Please reproduce exactly, and only, the line containing "Das Calvin Klein" and every line after it to the end of the records below, leaving out all pictures.

_Data for the task_.
····················

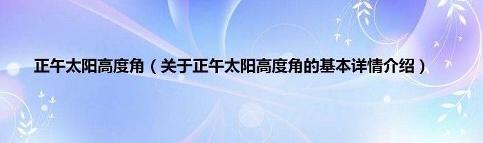 本文关于正午太阳高度角的基本详情介绍就讲解完毕,希望对大家有所帮助。
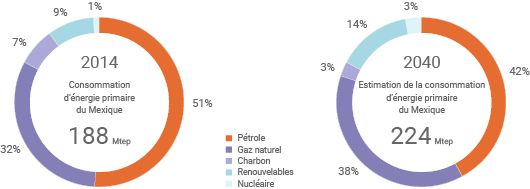 En 2014, le pétrole comptait pour plus de la moitié de la consommation d’énergie primaire du Mexique selon les dernières données de l’AIE. Il occupait ainsi une place plus importante dans le mix énergétique de ce pays que dans ceux de plusieurs pays du Moyen-Orient(2). Les énergies renouvelables et l’énergie nucléaire (2 réacteurs dans le pays) ne satisfaisaient pour leur part qu’environ 10% de la consommation mexicaine d’énergie.
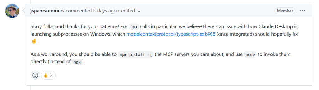 ということなので、手動で nmp install -g して、インストールし、%APPDATA%\Claude\claude_desktop_config.json に、使用するコマンド(path)と引数を定義し直すことで、正常に使用できます。
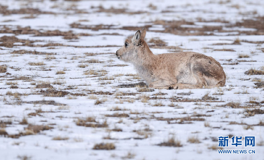 4月20日,一只藏羚羊遷徙途中休息。新華社記者 吳剛 攝
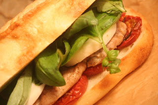 我常将烤西红柿和其他食物搭配做三明治作为午餐便当。在这张照片里,我搭配的是mozarrella奶酪,basil香草和烤鸡肉。
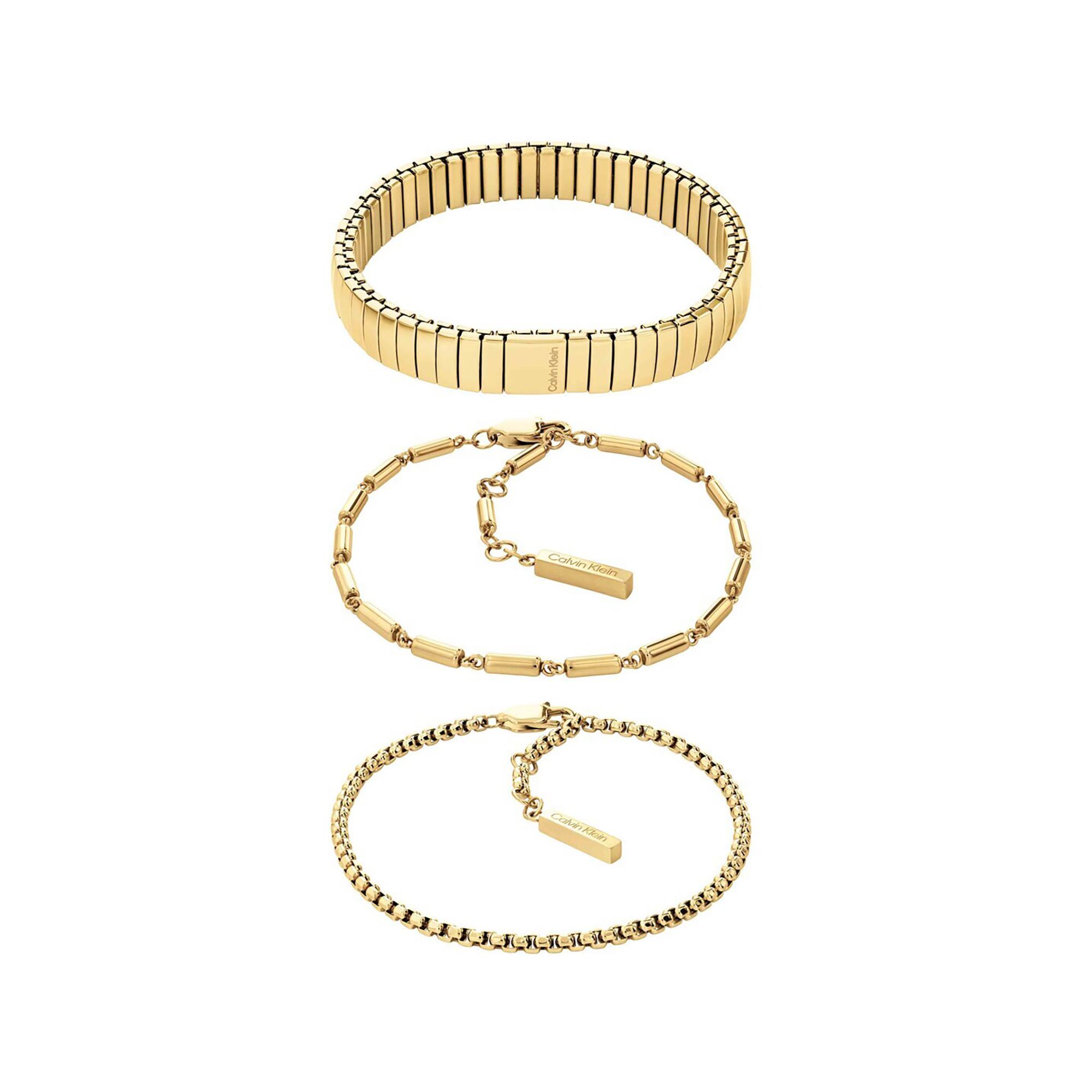 Das Calvin Klein ck stacked Armband-Set für Damen besteht aus drei gelbgoldfarbenen Armbändern aus hochwertigem Edelstahl mit PVD-Beschichtung. Das moderne Design und die robuste Verarbeitung machen das Set zu einem stilvollen und langlebigen Accessoire für jeden Anlass.
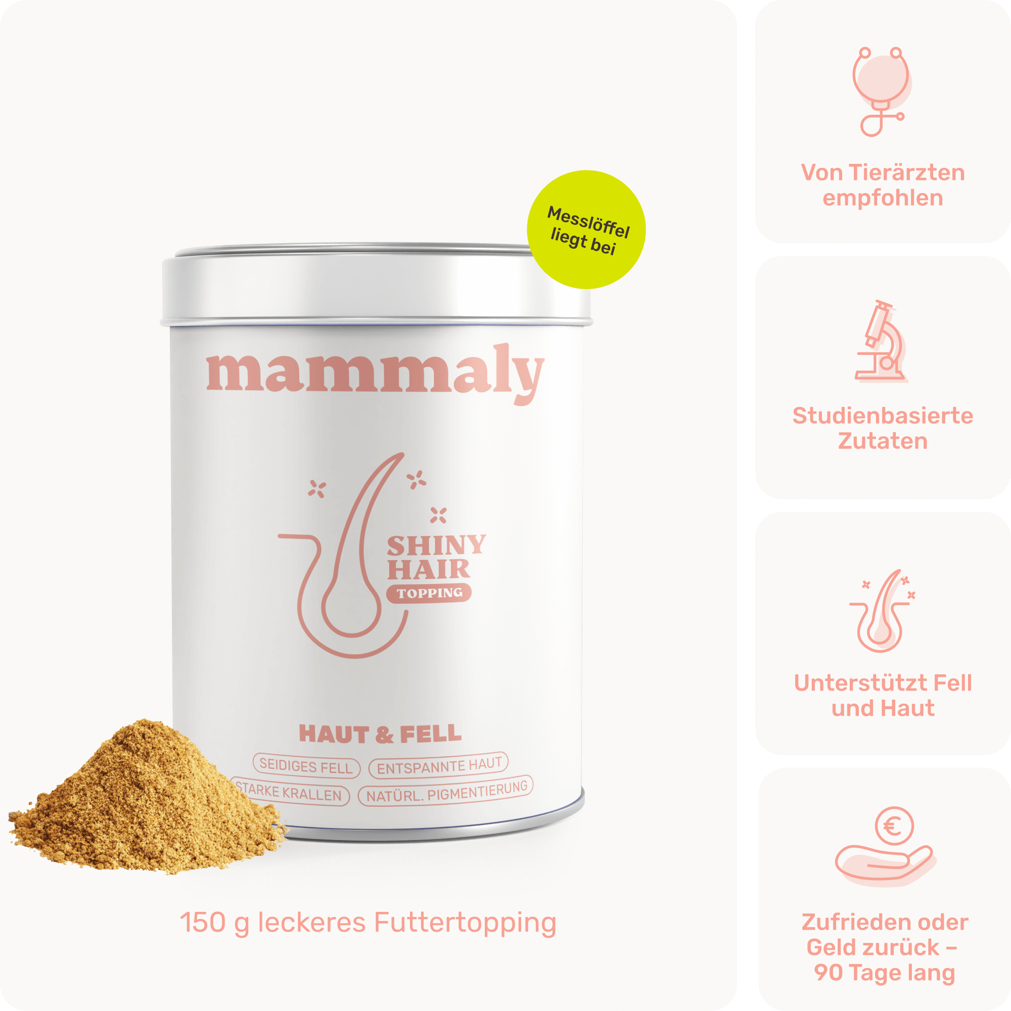 „Schönes glänzendes Fell, verbesserter Stuhlgang! Werde Mammaly weiter hin kaufen, auch mit der Lieferung bin ich sehr zufrieden.”

····················

_Exercise solution_.
 Das Calvin Klein ck stacked Armband-Set für Damen besteht aus drei gelbgoldfarbenen Armbändern aus hochwertigem Edelstahl mit PVD-Beschichtung. Das moderne Design und die robuste Verarbeitung machen das Set zu einem stilvollen und langlebigen Accessoire für jeden Anlass.
 „Schönes glänzendes Fell, verbesserter Stuhlgang! Werde Mammaly weiter hin kaufen, auch mit der Lieferung bin ich sehr zufrieden.”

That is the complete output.